R and C have the same dimension as Q-vector spaces, and therefore are isomorphic as Q-vector spaces (but not as rings).  A Q-vector space isomorphism is also a Z-module isomorphism, i.e. an abelian group isomorphism.

>>26
>>27
Well, thanks a lot, and also, your moms.

Seriously speaking now, I knew for the Z-module-abelian group equivalence.  I think the main problem is my lack of knowledge of infinite cardinals and my lack of knowledge in module things. If I remember my notes, module are like a generalisation of vector space amirite ?

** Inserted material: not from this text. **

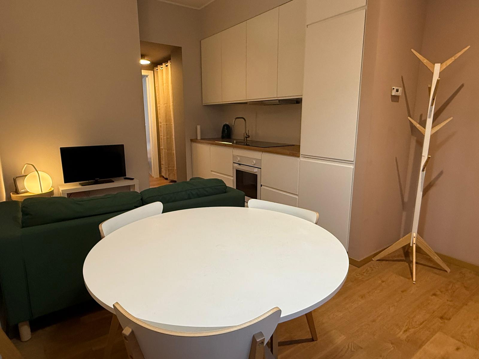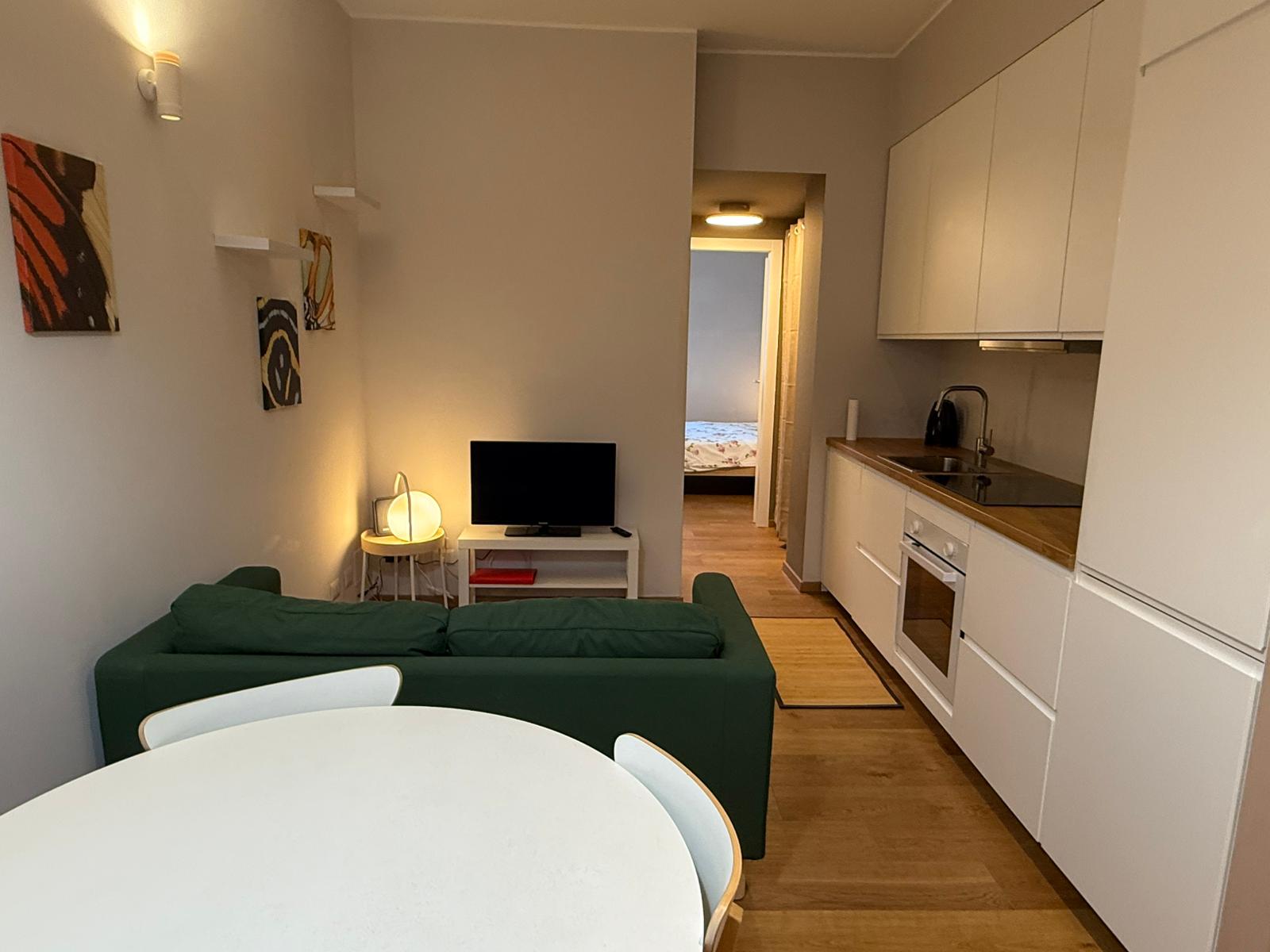 The living area features an open-plan kitchen, a comfortable sofa, a TV, a dining table, and chairs. The kitchen is fully equipped with an electric oven, induction hob, dish washer, fridge, and freezer.

Ah btw, since you guys know quite a few things in algebra, I would like to ask you if what is the difference beteween a "unitary ring" and between an "algebra", aside from teh names. I mean, if I look at the definitions, ring needs two associative laws, one with a commutative group property and the other with just a group property, and is then stable for its two laws. And the definition of an algebra is the same : stability for a sum law, stability for a product law, for linear combination of elements of the algebra, but it just seems that the definition of an algebra include the action of a vector space on the algebra...

>>28
>If I remember my notes, module are like a generalisation of vector space amirite ?
Yep.  A module is like a vector space, just over an arbitrary ring instead of a field.  The fact that you don't have a field to work with makes things harder and you can't get some nice properties that you can with vector spaces (existence of a basis, etc)

>difference beteween a "unitary ring" and between an "algebra"
Basically, an algebra is like a module over a ring, except that the module also has a multiplication law.  If you know about field extensions, an algebra is essentially a ring extension.  So the difference between an algebra and a ring is basically like the difference between the field extension K/k and the field K.